The IS10R is an active element, while the IS10L is functionally defective. Transposition of Tn10 generates direct repeats of 9 bases on the target DNA at both its ends. The target site has the sequence NGCTNACN, where N represents any base. When Tn10 is inserted into NCGANTCGN circular DNA (plasmid), there occur the following two regions of the DNA in relation to the IS modules and the DNA region flanked by them (Fig. 5.7):
(i) On one side of the IS modules, there lies the transposon carrying the gene tetR… The inverted IS modules are oriented inside.
(ii) On the other side of the IS modules, there lies the host chromosome carrying the host genes.
The IS modules can transpose either of the above two regions, i.e., either the coding region of the transposon, or the entire sequence of the plasmid (Fig. 5.7). In the case of the former (transposon Tn10 is mobilized), the tetR gene is transposed.
But in the case of latter (the IS modules transpose the plasmid DNA), a new “inside-out” transposon is generated that carries the markers of the host chromosome (Fig. 5.7).
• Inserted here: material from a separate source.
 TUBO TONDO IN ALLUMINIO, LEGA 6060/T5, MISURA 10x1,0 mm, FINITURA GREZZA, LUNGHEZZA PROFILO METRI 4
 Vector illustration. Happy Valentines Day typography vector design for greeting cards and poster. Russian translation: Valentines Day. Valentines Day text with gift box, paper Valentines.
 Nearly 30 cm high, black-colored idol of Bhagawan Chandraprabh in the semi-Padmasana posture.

In this new transposon also, the IS modules are inverted but their orientation is to wards outside.
The active module IS10R contains two promoters PIN and POUT near its outside end (Fig. 5.8). The promoter Pw promotes the transcription of IS 10R regions (inside) to produce the enzyme “transposase”, a protein having molecular weight of 47,000 Daltons.
The promoter POUT however, transcribes towards outside. Sometimes the Pout transcription extends into the host DNA, thus activating the adjacent bacterial genes. The POUT transcript contains 69 bases of which 40 bases overlap (i.e., are complementary to) 5′ terminal region of the PIN RNA.
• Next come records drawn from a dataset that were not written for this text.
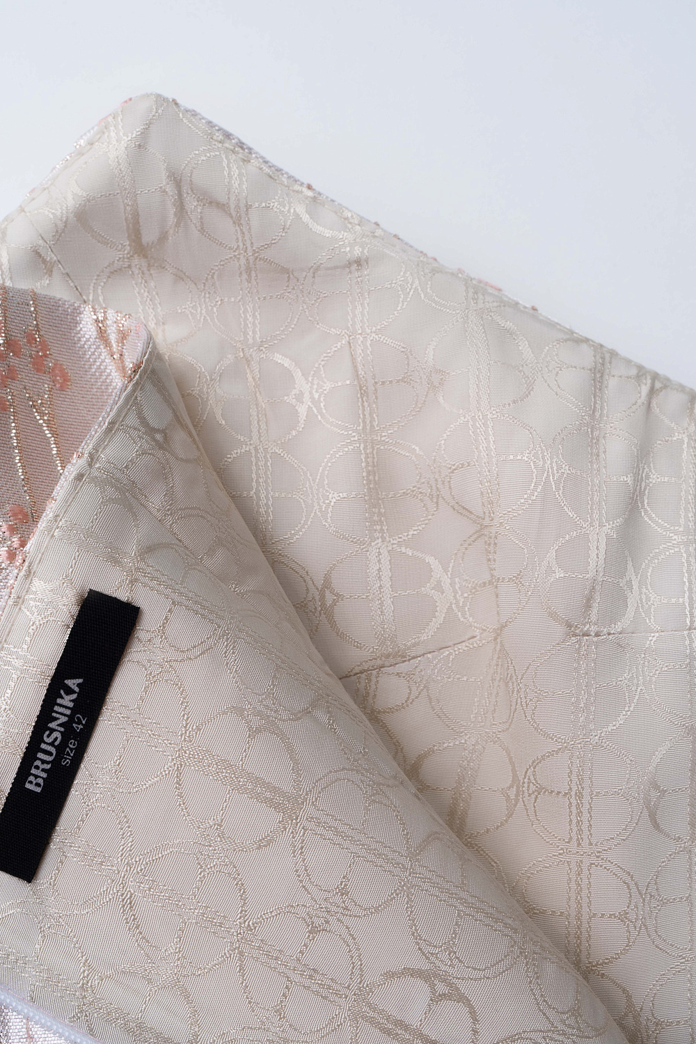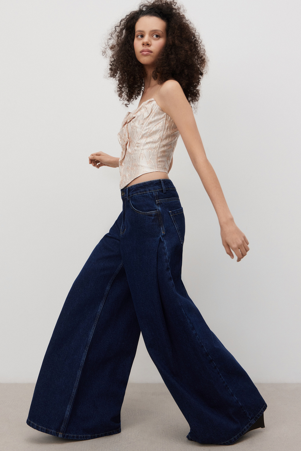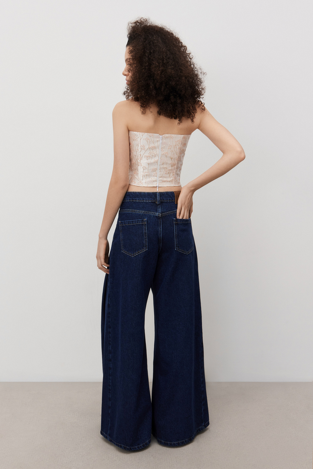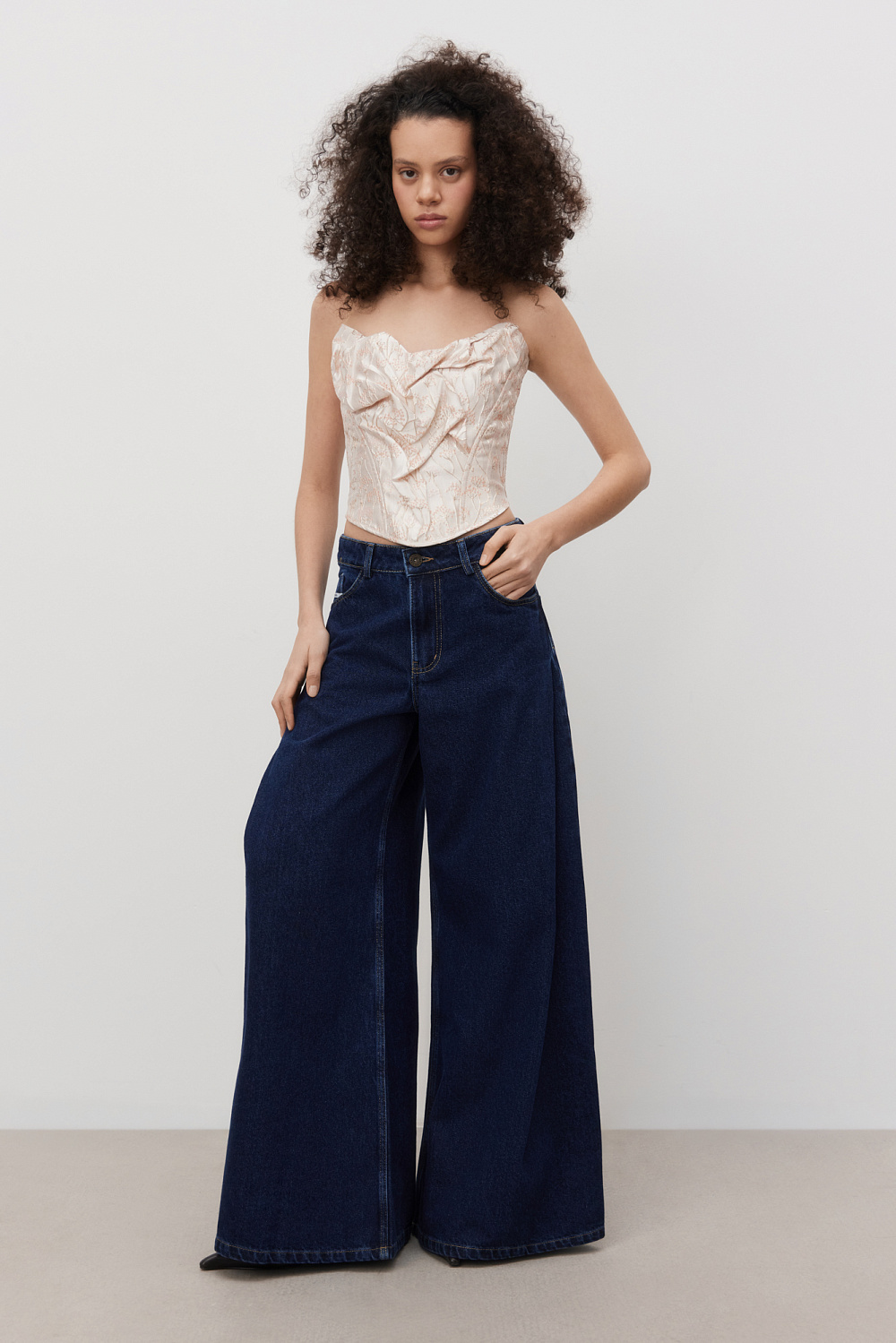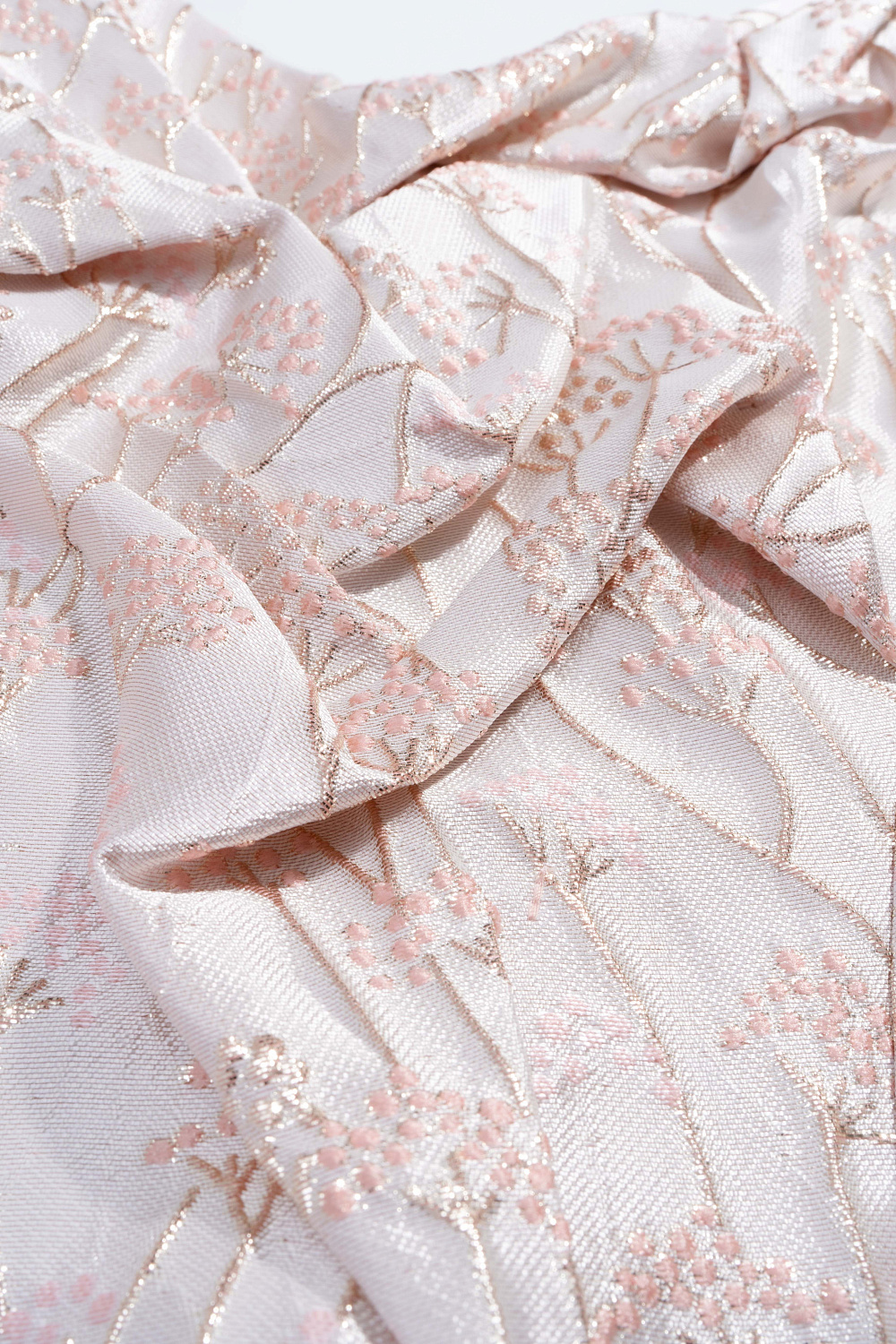 Corset made of crinkled jacquard with floral patterns. The model is strapless, with a figured neckline, drapery and voluminous decor. Zip fastening at the back.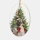 On the front of this Holiday ornament is the image of an adorable little Pug Dog wearing a festive red bow. The dog sits in front of a decorated Holiday tree. On the back, red and green text says MERRY CHRISTMAS", and there are additional text fields for you to customise. Make it say whatever you'd like!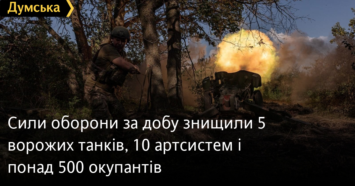 П'ять ворожих танків, 10 артсистем і 510 військових втратили окупанти в Україні за минулу добу.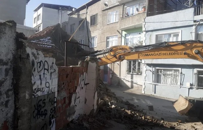Osmangazi Belediyesi, ilçe genelinde tespiti yapılan ve yasal prosedürleri tamamlanan metruk binaları yıkmaya devam ediyor.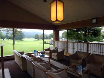レストランからの眺めは遮るものがなく、コースやその先の借景が楽しめる。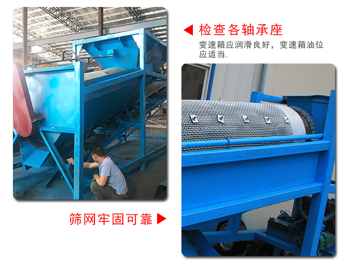 1.篩沙機(jī)在啟動(dòng)前先用手旋轉(zhuǎn)轉(zhuǎn)子,檢查機(jī)器各部有無(wú)異?,F(xiàn)象;

The Pout actsas antisense RNA and produces RNA-RNA duplex with the Pm RNA. This prevents the synthesis of transposase, thereby causing inhibition of transposition. Consequently, when IS10R is present in many copies the transposition of Tn10 on the bacterial chromosome is inhibited.
6. TnA Transposons:
Transposons of TnA group, such as, Tn3, Tn100 (γδ) etc. are large transposable elements containing about 5000 base pairs. Notably, they are devoid of IS elements, but they carry genes required for transposition along with the genes for resistance to antibiotics such as, ampicillin (ampR). Their terminal sequences are about 38 base pairs long in form of inverted repeats.
The enzymes “transposase” coded by the gene tnpA and “resolvase” coded by the gene tnpR are involved in transposition of TnA transposons. The transposase binds to a sequence of 25 base pairs located within the 38 base pair inverted terminal repeat. This enzyme makes a staggered cleavage of 5 base pairs at the target DNA.
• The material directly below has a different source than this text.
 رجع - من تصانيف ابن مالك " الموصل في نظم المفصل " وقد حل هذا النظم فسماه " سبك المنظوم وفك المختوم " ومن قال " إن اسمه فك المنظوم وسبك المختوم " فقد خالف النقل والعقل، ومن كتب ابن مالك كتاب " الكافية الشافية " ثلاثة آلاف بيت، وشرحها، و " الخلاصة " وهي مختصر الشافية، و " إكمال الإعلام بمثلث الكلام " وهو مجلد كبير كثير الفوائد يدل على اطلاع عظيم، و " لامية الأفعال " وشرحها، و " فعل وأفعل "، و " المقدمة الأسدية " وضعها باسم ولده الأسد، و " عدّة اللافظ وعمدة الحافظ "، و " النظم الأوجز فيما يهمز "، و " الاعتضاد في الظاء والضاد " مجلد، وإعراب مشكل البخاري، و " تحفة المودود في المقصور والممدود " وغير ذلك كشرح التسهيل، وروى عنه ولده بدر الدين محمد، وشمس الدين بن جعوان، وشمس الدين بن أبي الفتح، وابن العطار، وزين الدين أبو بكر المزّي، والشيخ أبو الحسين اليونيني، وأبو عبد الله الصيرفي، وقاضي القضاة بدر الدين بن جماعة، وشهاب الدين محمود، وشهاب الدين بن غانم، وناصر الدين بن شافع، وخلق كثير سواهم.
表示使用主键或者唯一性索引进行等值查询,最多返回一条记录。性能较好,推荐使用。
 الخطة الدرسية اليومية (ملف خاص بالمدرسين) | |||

The product of gene tnpR (resolvase) functions as a repressor of tnpA as well as tnpR itself. The repression of gene tnpR or a mutation in the gene tnpR results in an increased synthesis of transposase; this leads to a higher frequency of transposition. The enzyme resolvase is involved in site specific recombination between two transposons present as direct repeats in a co-integrate molecule.
7. Rearrangement of Host DNA Caused by Transposons:
Transposons may often bring about change in the host DNA as they may cause deletions, duplications and inversions etc. When a copy of a transposon is mobilized and inserted into the same chromosome near its original site, recombination may occur between the two copies. There are two situations depending on whether the orientation of the repeats is direct (e.g., Tn9) or inverted (e.g., in Tn903).
(i) Direct repeats:
In case of Tn9, IS1 is present on both the ends as direct repeats. Recombination between a pair of direct repeats produces a circular DNA molecule that contains only one copy of the direct repeat (IS1 module); the other copy of the direct repeat (IS1 module) remains within the chromosome (Fig. 5.9). The circular DNA molecule is lost from the cell and thus a deletion occurs.
(ii) Inverted repeats. The transposon Tn903 consists of inverted repeats of IS 903 at its two ends. A recombination between a pair of inverted repeats does not cause a deletion but it results in an inversion of the central region (Fig. 5.10).